There's a really strange fight brewing between the Obama administration and Republicans over which baseline the supercommittee should use to measure its deficit proposals. The baseline is the comparison the Congressional Budget Office uses to figure out how much a policy change saves. Republicans say the baseline needs to be "current law."
Why does that matter? Current law says that the Bush tax cuts expire. All the bipartisan commissions that came up with deficit plans that lose tax revenue compared with current law. That is, they set tax levels that would bring in less tax revenue than if all the Bush tax cuts expire at the end of 2012, but more revenue than if we extended all of them. The essence of the bipartisan agreements is setting revenue somewhere in the midpoint of those two outcomes (full extension and full expiration.) That's the way to arrive at a Grand Bargain.
Still with me? Okay.
Conservative Republicans don't want a Grand Bargain, because that would entail agreeing to phase out at least some of the Bush tax cuts, which as everybody knows constitute one of the most successful policy interventions in U.S. -- nay, world -- history. So locking in the current law baseline means that any tax bargain like that would be scored as a tax cut -- saving only some of the Bush tax cuts would cost the government revenue against the baseline of letting all the Bush tax cuts expire. So conservatives like Paul Ryan are insisting that that the supercommittee tasked with coming up with deficit reduction is required to follow the current law baseline. Former GOP staffer Keith Hennessey agrees with Ryan. Gene Sperling disagrees.
I don't really know who's right about the technical merits. In general, I think that if both parties wanted to strike a tax deal that scored a tax reform that lost revenue compared with current law as saving money, they would do it. The CBO works for Congress, not vice versa.

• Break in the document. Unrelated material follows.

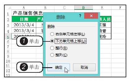 弹出“删除”对话框,在“删除”选项组中选择其他单元格的移动方式,①例如选择单击选中“下方单元格上移”单选按钮,即删除D5单元格后自动将D6及与D6同列的下方单元格向上移动,②然后单击“确定”按钮,如图2-51所示,返回工作簿窗口,此时可看见D6及与D6同列的下方单元格自动向上移动,如图2-52所示。

But the reason this is all so strange is that I hope the Republicans are right. If the supercommittee uses current law as a baseline, then it can't lock in any of the Bush tax cuts. Before the debt ceiling deal, Obama kept trying to get Republicans to agree to a tax reform that would lock in more than $3 trillion of the Bush tax cuts, foregoing only about $800 billion in revenue. That's no more revenue than Obama would get if he simply vetoes extension of the tax cuts on income over $250,000. (And if Obama isn't around in 2013, it won't matter what deal he cuts, because the next Republican president is going to cut taxes.)
Under the Republican interpretation, the supercommittee can still raise revenue. It could close tax loopholes without dealing with the Bush tax cuts. That means any revenue it gets would be on top of the revenue from expiring the Bush tax cuts. In other words, it's a way better situation for Democrats.
This is why I said that this debate is so strange. Each party seems to be arguing against its own interest.
Now, why are Republicans arguing this? Because they're absolutists. They don't want to agree to something that increases taxes, even if that would merely take the place of a tax hike that's scheduled to occur anyway. In other words, they're binding themselves from taking some version of the wildly generous offer Obama kept trying to give them.
But why the administration would be fighting this is rather disturbing. Obviously, it wants to try again to give away the tax store and get Republicans to take it. Yet it seems perfectly obvious that they won't. Republicans view the Bush tax cuts as a sacred totem. So, why not just try to pitch them on closing a few tax loopholes in return for some entitlement trims?